Entries shown:
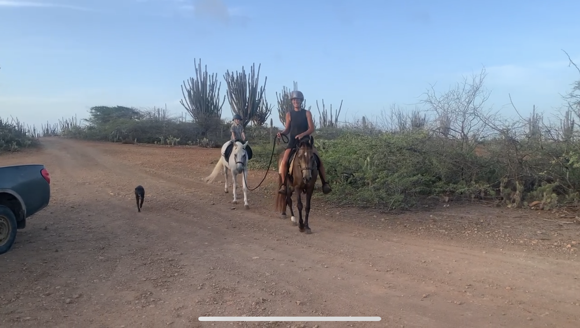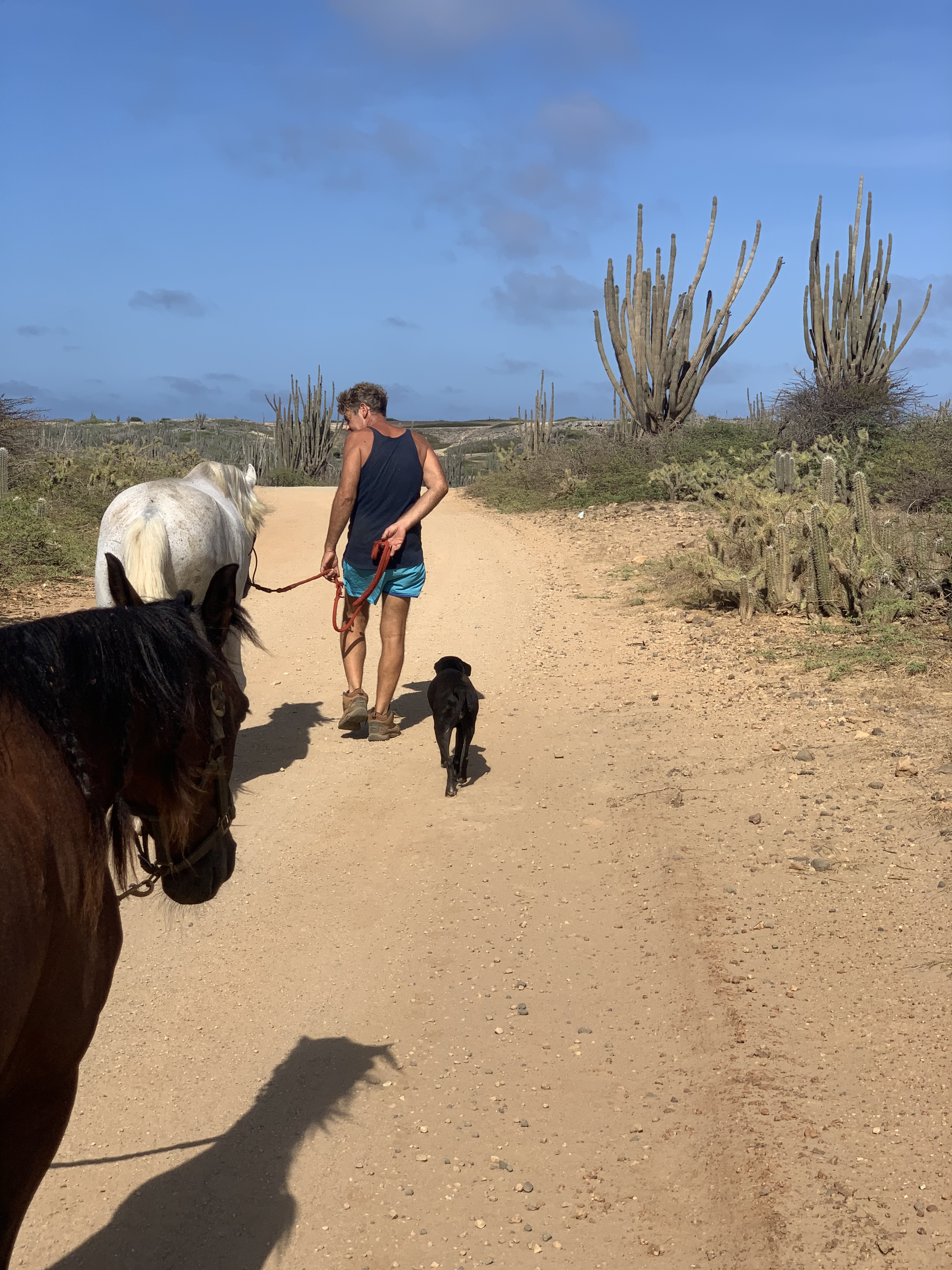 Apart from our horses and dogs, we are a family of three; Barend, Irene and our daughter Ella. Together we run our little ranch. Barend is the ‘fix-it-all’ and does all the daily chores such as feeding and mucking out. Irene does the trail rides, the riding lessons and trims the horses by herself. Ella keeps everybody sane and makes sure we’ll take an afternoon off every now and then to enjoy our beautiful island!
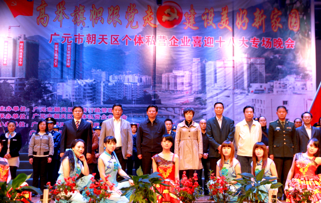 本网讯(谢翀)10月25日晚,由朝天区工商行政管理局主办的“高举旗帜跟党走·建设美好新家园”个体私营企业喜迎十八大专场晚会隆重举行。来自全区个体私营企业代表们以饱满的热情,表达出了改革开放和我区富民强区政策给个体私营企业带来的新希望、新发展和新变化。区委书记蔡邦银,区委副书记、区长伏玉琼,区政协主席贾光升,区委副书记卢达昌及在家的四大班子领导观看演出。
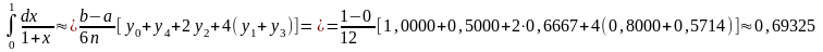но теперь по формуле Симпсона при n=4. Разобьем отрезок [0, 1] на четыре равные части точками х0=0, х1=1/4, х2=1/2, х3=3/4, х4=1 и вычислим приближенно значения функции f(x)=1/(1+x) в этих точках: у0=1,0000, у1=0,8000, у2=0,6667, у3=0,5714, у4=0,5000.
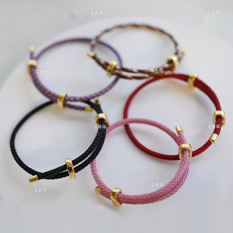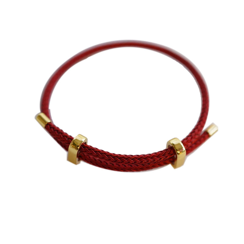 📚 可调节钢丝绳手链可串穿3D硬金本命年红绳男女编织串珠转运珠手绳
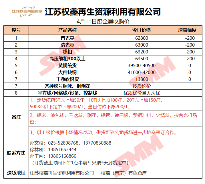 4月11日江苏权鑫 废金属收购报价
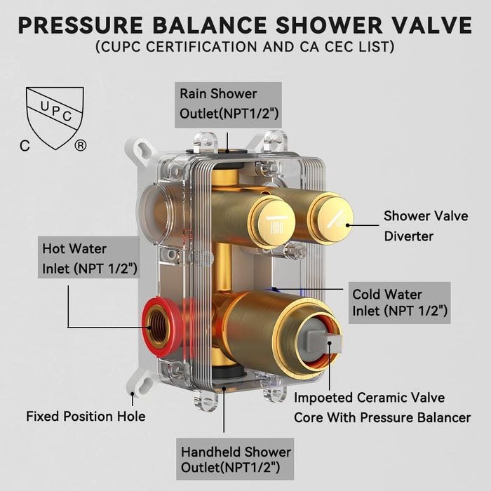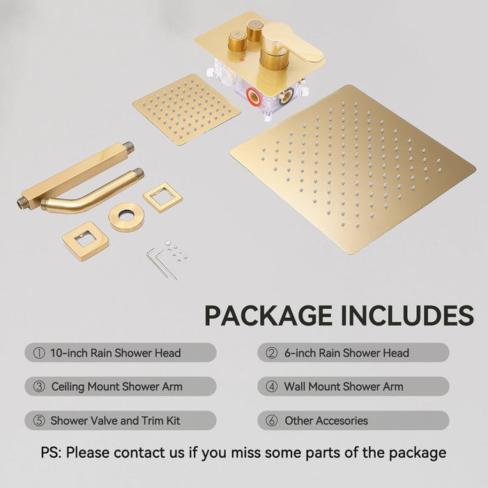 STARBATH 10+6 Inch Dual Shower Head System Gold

What you have to do: Once the pictures are set aside, repeat the data above exactly as written.

Expected answer:
 Apart from our horses and dogs, we are a family of three; Barend, Irene and our daughter Ella. Together we run our little ranch. Barend is the ‘fix-it-all’ and does all the daily chores such as feeding and mucking out. Irene does the trail rides, the riding lessons and trims the horses by herself. Ella keeps everybody sane and makes sure we’ll take an afternoon off every now and then to enjoy our beautiful island!
 本网讯(谢翀)10月25日晚,由朝天区工商行政管理局主办的“高举旗帜跟党走·建设美好新家园”个体私营企业喜迎十八大专场晚会隆重举行。来自全区个体私营企业代表们以饱满的热情,表达出了改革开放和我区富民强区政策给个体私营企业带来的新希望、新发展和新变化。区委书记蔡邦银,区委副书记、区长伏玉琼,区政协主席贾光升,区委副书记卢达昌及在家的四大班子领导观看演出。
но теперь по формуле Симпсона при n=4. Разобьем отрезок [0, 1] на четыре равные части точками х0=0, х1=1/4, х2=1/2, х3=3/4, х4=1 и вычислим приближенно значения функции f(x)=1/(1+x) в этих точках: у0=1,0000, у1=0,8000, у2=0,6667, у3=0,5714, у4=0,5000.
 📚 可调节钢丝绳手链可串穿3D硬金本命年红绳男女编织串珠转运珠手绳
 4月11日江苏权鑫 废金属收购报价
 STARBATH 10+6 Inch Dual Shower Head System Gold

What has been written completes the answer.